Using a micro-PET (positron emission tomography) machine from Concord Microsystems, Millennium has produced dramatic evidence of Velcade’s efficacy in curtailing cancer growth. Fast-growing tumors take up more glucose than normal tissues. By administering FDG — glucose tagged with a potent, short half-life fluoride isotope (F-18) — the tumors are easily tracked. Within the space of about a week, a response to Velcade is demonstrated by reduced glucose uptake and growth of these tumors.
Last fall, Chandra and colleagues published the first results from the center in the journal Molecular Imaging, using micro-CT (computer tomography) to produce a three-dimensioned X-ray image of bones in rats with collagen-induced arthritis. The technique is similar to PET, but has a longer image half-life owing to the use of different radioactive isotopes, including Barium and Iodide.
Programmers in the Platform Technology group developed special software to not only measure bone volume, but also bone roughness and morphometry. ‘[A]dvanced imaging methods and analysis may provide additional preclinical data to assist the advancement of an experimental drug” such as the new candidate, MLN922, the authors write. “Ultimately, imaging models may contribute to the goal of providing a more personalized standard of clinical care based on the disease presentation of the individual patient.”
The juxtaposition of so many imaging techniques facilitates their use in tandem. For example, MLN2704 is an antibody that targets the PSMA (prostate-specific membrane antigen) on prostate cancer cells, and delivers a lethal chemotherapeutic drug, maytansinoid. Using the Center’s prized Varian 7-Tesla MRI machine for the soft tissue and circulation, and CT for the bone, the drug demonstrates a 90 percent reduction in tumor volume and significant preservation of normal bone anatomy. MRI is also being developed for functional lung imaging using a technique called 3-Helium diffusion imaging in collaboration with Harvard-Smithsonian physicists.
There are several other imaging technologies on hand. Variations of single photon emission computerized tomography (mSPECT) are helping Millennium investigate immune cell migration in models of inflammation. A Xenogen optical imaging system, measuring the fluorescence or luciferase and other “reporter genes,” and infrared imaging facilities are available. An exciting new technology called fluorescent molecular tomography (FMT), developed by a company called VisEn, delivers precise 3D fluorescent imaging of animal tissues and some experimental clinical settings. “We want to be able to deliver quantitative functional and anatomic information — it’s key to making better decisions about pre-clinical compounds and improving clinical results,” says Muir.

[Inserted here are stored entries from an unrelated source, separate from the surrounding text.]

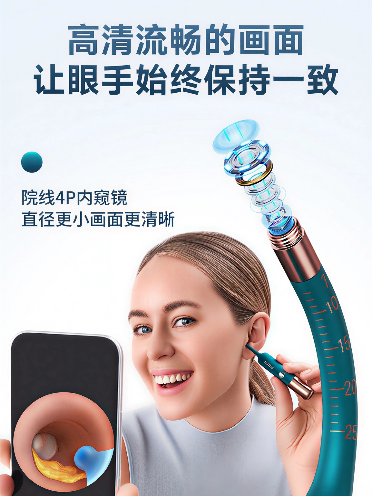 镜管采用3.6mm超细蛇形软管设计,可自由弯折,贴合不同耳道结构,避免直戳硬捅伤害耳道。机身外层包裹亲肤硅胶材质,触感柔和,进一步提升了使用舒适度和安全性。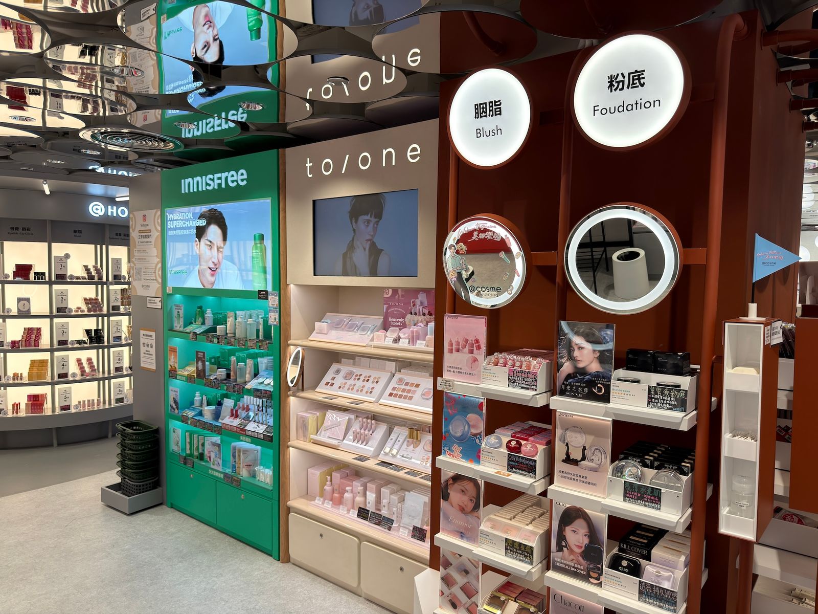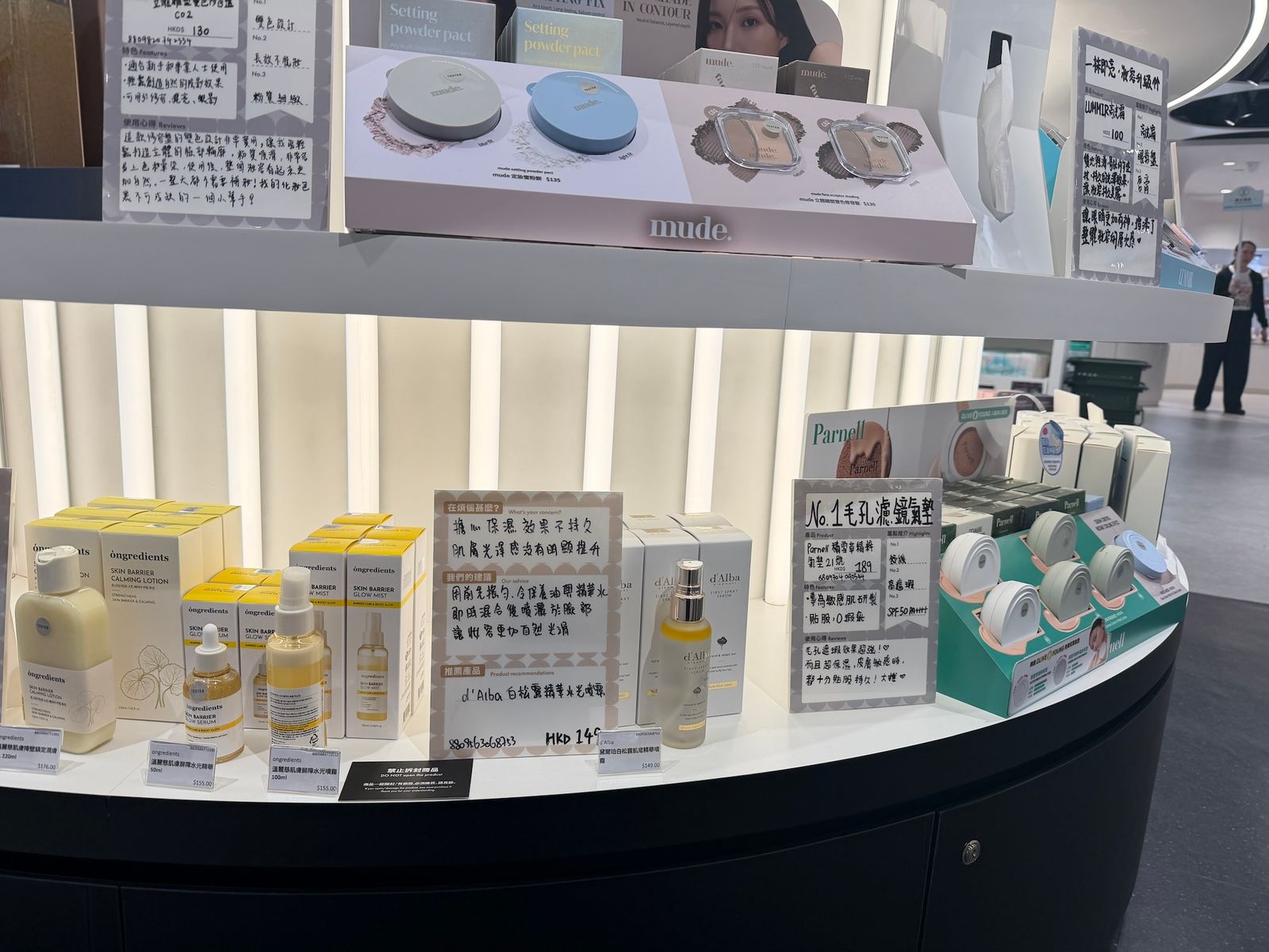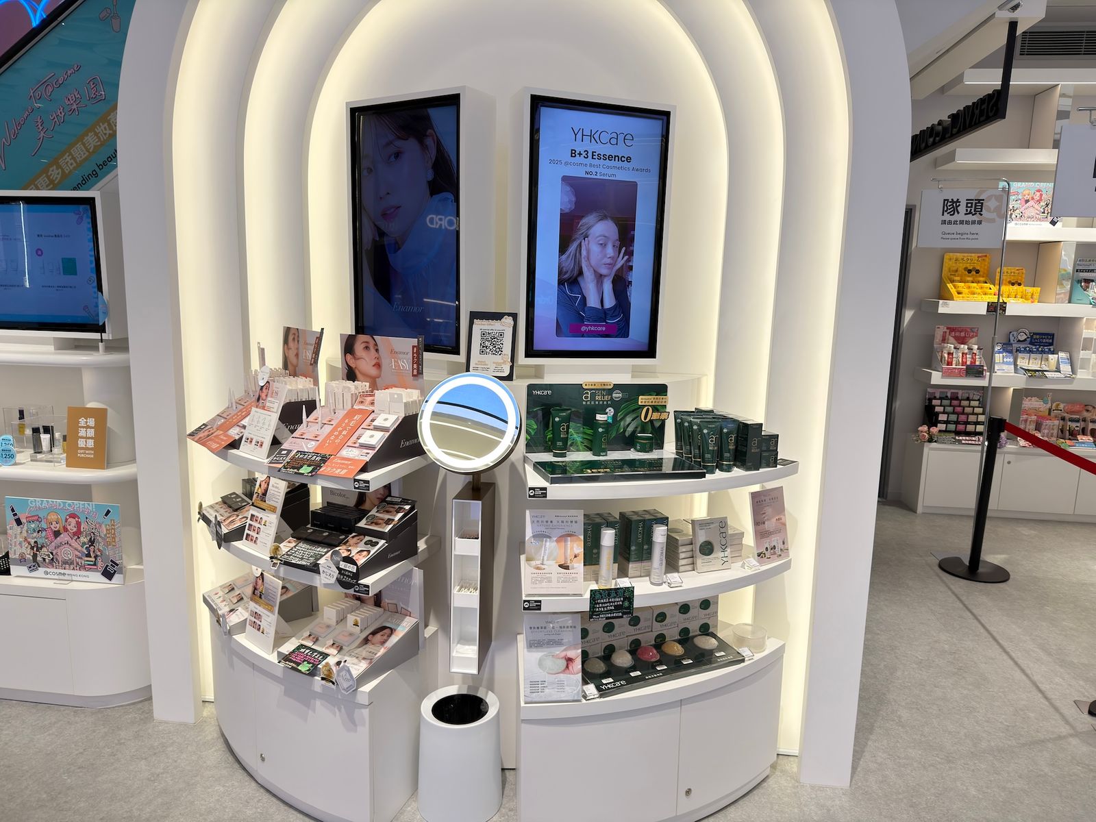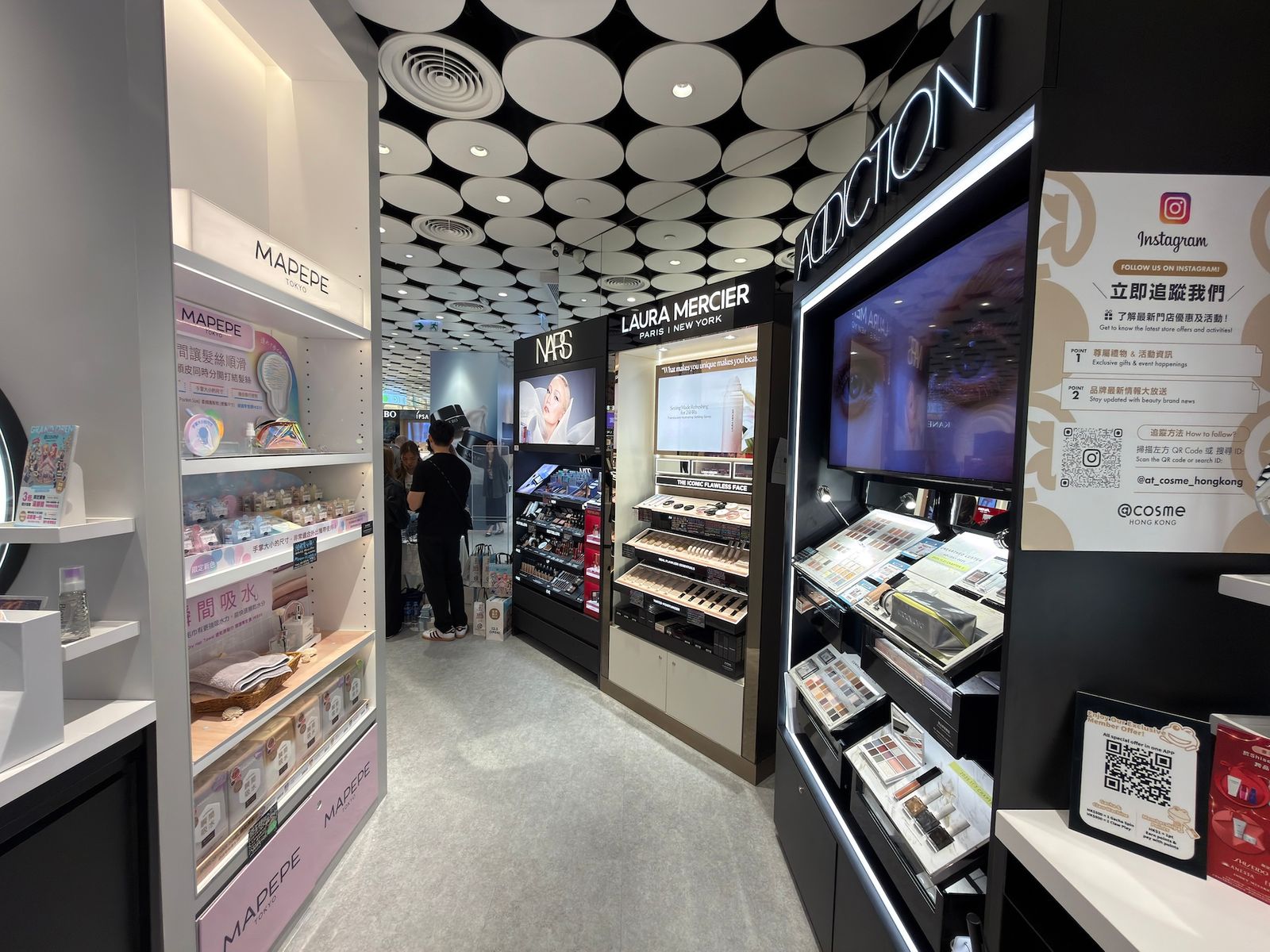 販売員は約50人で、日本での勤務経験を持つ香港籍スタッフも在籍する。「アットコスメ」の香港版アプリは英語と中国語に対応し、店頭のQRコードを読み取るとユーザーのレビューを即座に確認できる。AIによる商品特徴のサマリーにもアクセスでき、英語または中国語の音声案内が流れる仕組みも導入した。取り扱いブランドは約500に上り、構成比は日本ブランドが7割、韓国ブランドが3割で、ラグジュアリーブランドが残りを占める。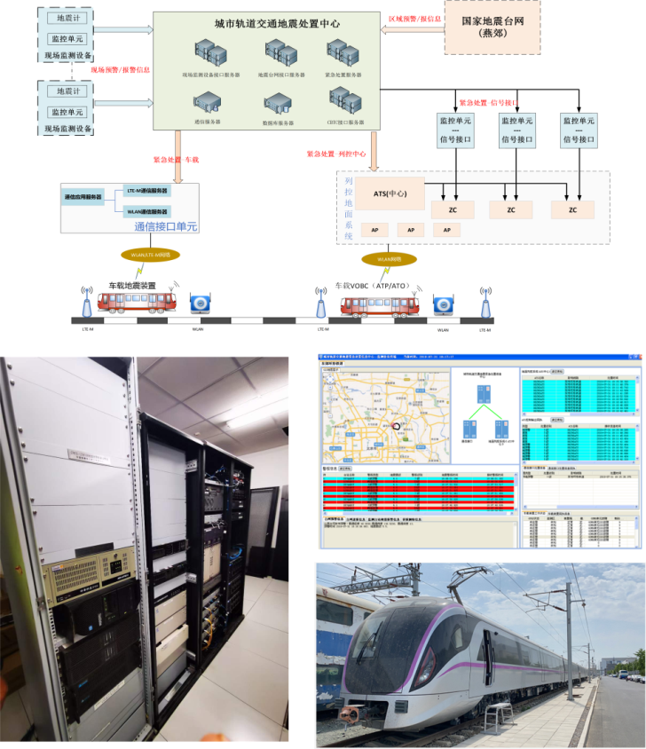 圖2 項目研發(fā)的城市軌道交通地震緊急處置系統及其在國家鐵道試驗中心進行示范應用情況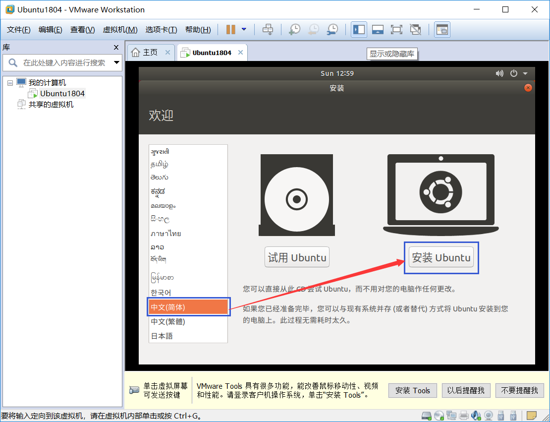 14、正常情况下会来到如下页面,选择“中文(简体)”,然后点击“安装Ubuntu”即可(注意:要将输入定向到虚拟机,在虚拟机内部单击或按Ctrl+G;要返回到你的计算机,将鼠标指针从虚拟机中移出或按Ctrl+Alt。另外,界面底部提醒我们安装VMware Tools,此时可不必理会或“以后提醒我”,以免扰乱我们正常的安装进程 );

All this begs Chandra’s rhetorical question: “Why isn’t everyone doing it?” The answer, he says, is, “Skill sets. One of the big rate-limiting steps is imaging scientists. We’ve recruited a very talented group of people, tasking them with individual goals of contributing to the pipeline. From molecular biology to physical chemistry to cancer pharmacology to bioengineering — all under one roof, talking about compounds.”
And, of course, the “patients” — Chandra’s pet name for his rodent subjects. “We reduce the number of animals used by following them over time. We treat them as patients coming in for regular scans.”